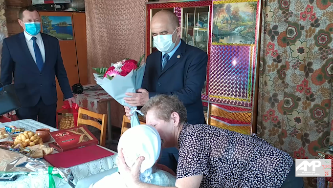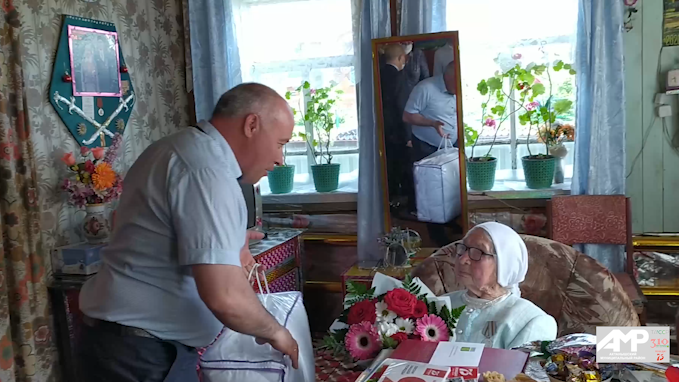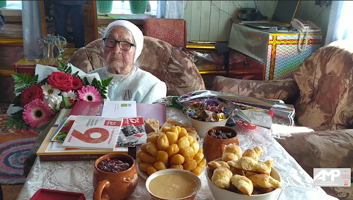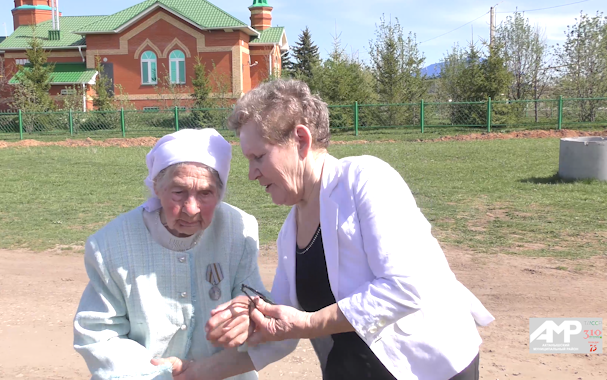 Пучы авыл җирлеге башлыгы Нияз Нуретдинов та авылның иң өлкән кешесен хөрмәтләп туган көненә килгән. Авыл хуҗасы Ак әбигә җылы юрган бүләк итте.
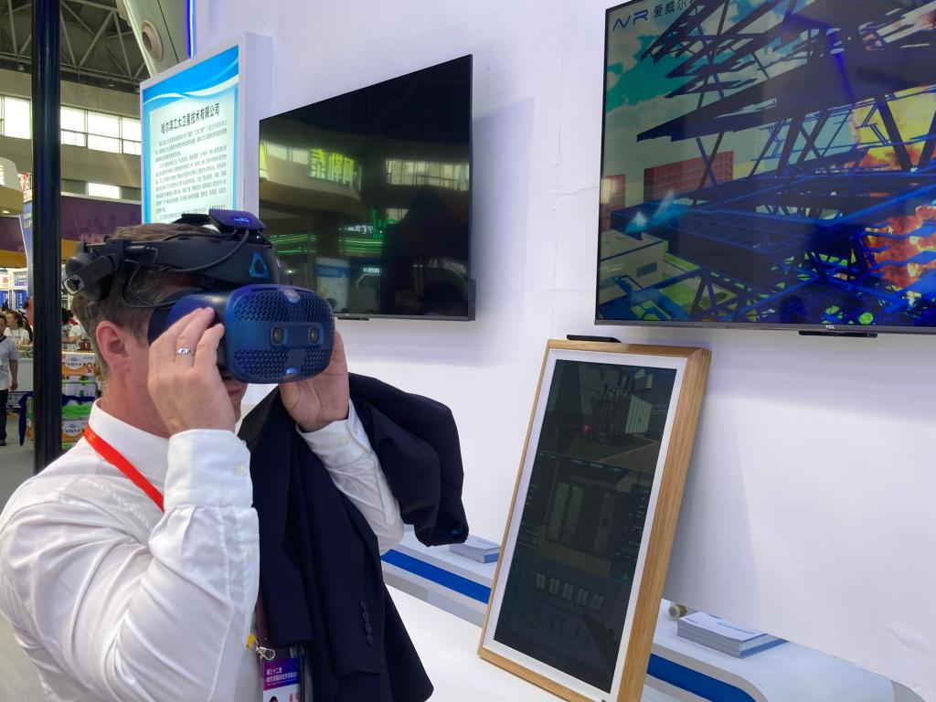在黑龍江省專(zhuān)精特新企業(yè)哈爾濱愛(ài)威爾科技有限公司展位前,一名參觀(guān)者戴著(zhù)VR眼鏡,在1:1還原的工廠(chǎng)場(chǎng)景中沉浸式參觀(guān)廠(chǎng)房車(chē)間。
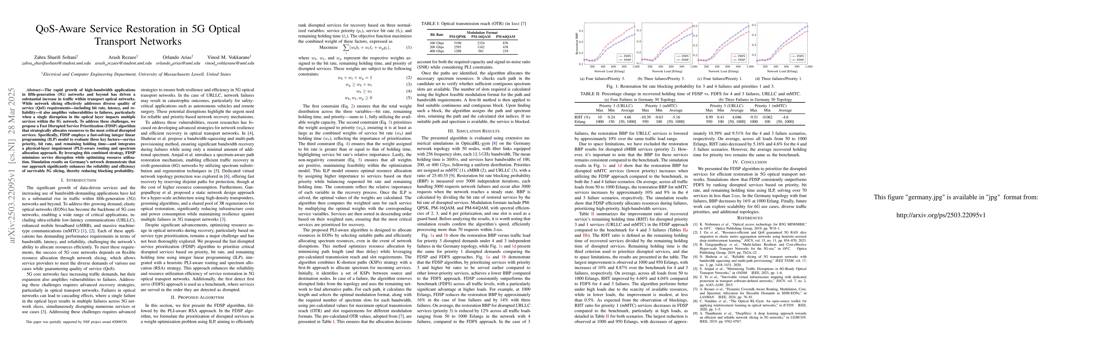 Only the chairs can edit The rapid growth of high-bandwidth applications in fifth-generation (5G) networks and beyond has driven a substantial increase in traffic within transport optical networks. While network slicing effectively addresses diverse quality of service (QoS) requirements-including bit rate, latency, and reliability-it also amplifies vulnerabilities to failures, particularly when a single disruption in the optical layer impacts multiple services within the 5G network. To address these challenges, we propose a Fast Disrupted Service Prioritization (FDSP) algorithm that strategically allocates resources to the most critical disrupted services. Specifically, FDSP employs a fast-solving integer linear programming (ILP) model to evaluate three key factors-service priority, bit rate, and remaining holding time-and integrates a physical-layer impairment (PLI)-aware routing and spectrum allocation approach. By leveraging this combined strategy, FDSP minimizes service disruption while optimizing resource utilization. Simulation results on Germany's network demonstrate that our approach significantly enhances the reliability and efficiency of survivable 5G slicing, thereby reducing blocking probability.
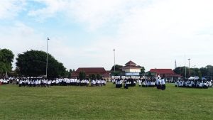 Santriwati Al Muaddib berpartisipasi, dalam kegiatan Upaca Hari Santri 2025 di Alun-alun kabupaten Cilacap.
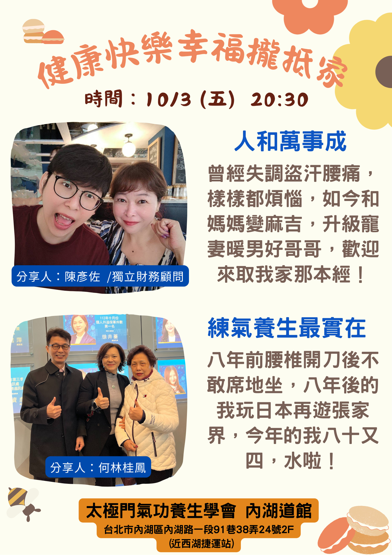 2025-10-03 20:30~21:30 內湖道館 (主講人:陳彥佐/何林桂鳳)
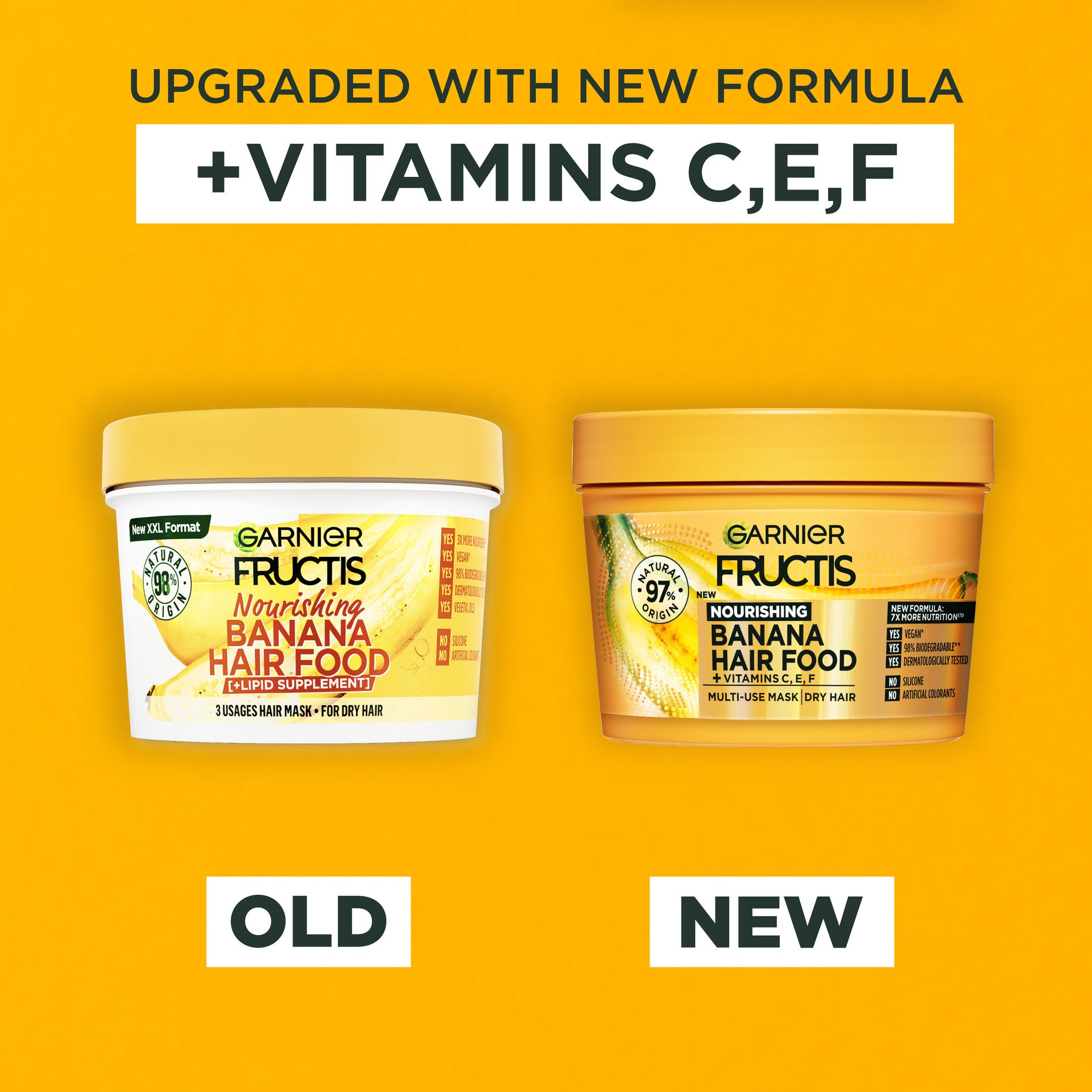 Garnier Fructis Banana Hair Food Multi-use Mask, Nourish dry hair, 7X more nutrition, Boosted with Vitamins C, E, F, 350ml, Made of 97% natural origin ingredients, No silicone, No artificial colourants, Cruelty Free, Vegan, Made of 100% recycled plastic.
============================================================
ASSIGNMENT: Pictures aside, write out all of the records exactly.

ANSWER TO THE EXERCISE:
 Пучы авыл җирлеге башлыгы Нияз Нуретдинов та авылның иң өлкән кешесен хөрмәтләп туган көненә килгән. Авыл хуҗасы Ак әбигә җылы юрган бүләк итте.
在黑龍江省專(zhuān)精特新企業(yè)哈爾濱愛(ài)威爾科技有限公司展位前,一名參觀(guān)者戴著(zhù)VR眼鏡,在1:1還原的工廠(chǎng)場(chǎng)景中沉浸式參觀(guān)廠(chǎng)房車(chē)間。
 Only the chairs can edit The rapid growth of high-bandwidth applications in fifth-generation (5G) networks and beyond has driven a substantial increase in traffic within transport optical networks. While network slicing effectively addresses diverse quality of service (QoS) requirements-including bit rate, latency, and reliability-it also amplifies vulnerabilities to failures, particularly when a single disruption in the optical layer impacts multiple services within the 5G network. To address these challenges, we propose a Fast Disrupted Service Prioritization (FDSP) algorithm that strategically allocates resources to the most critical disrupted services. Specifically, FDSP employs a fast-solving integer linear programming (ILP) model to evaluate three key factors-service priority, bit rate, and remaining holding time-and integrates a physical-layer impairment (PLI)-aware routing and spectrum allocation approach. By leveraging this combined strategy, FDSP minimizes service disruption while optimizing resource utilization. Simulation results on Germany's network demonstrate that our approach significantly enhances the reliability and efficiency of survivable 5G slicing, thereby reducing blocking probability.
 Santriwati Al Muaddib berpartisipasi, dalam kegiatan Upaca Hari Santri 2025 di Alun-alun kabupaten Cilacap.
 2025-10-03 20:30~21:30 內湖道館 (主講人:陳彥佐/何林桂鳳)
 Garnier Fructis Banana Hair Food Multi-use Mask, Nourish dry hair, 7X more nutrition, Boosted with Vitamins C, E, F, 350ml, Made of 97% natural origin ingredients, No silicone, No artificial colourants, Cruelty Free, Vegan, Made of 100% recycled plastic.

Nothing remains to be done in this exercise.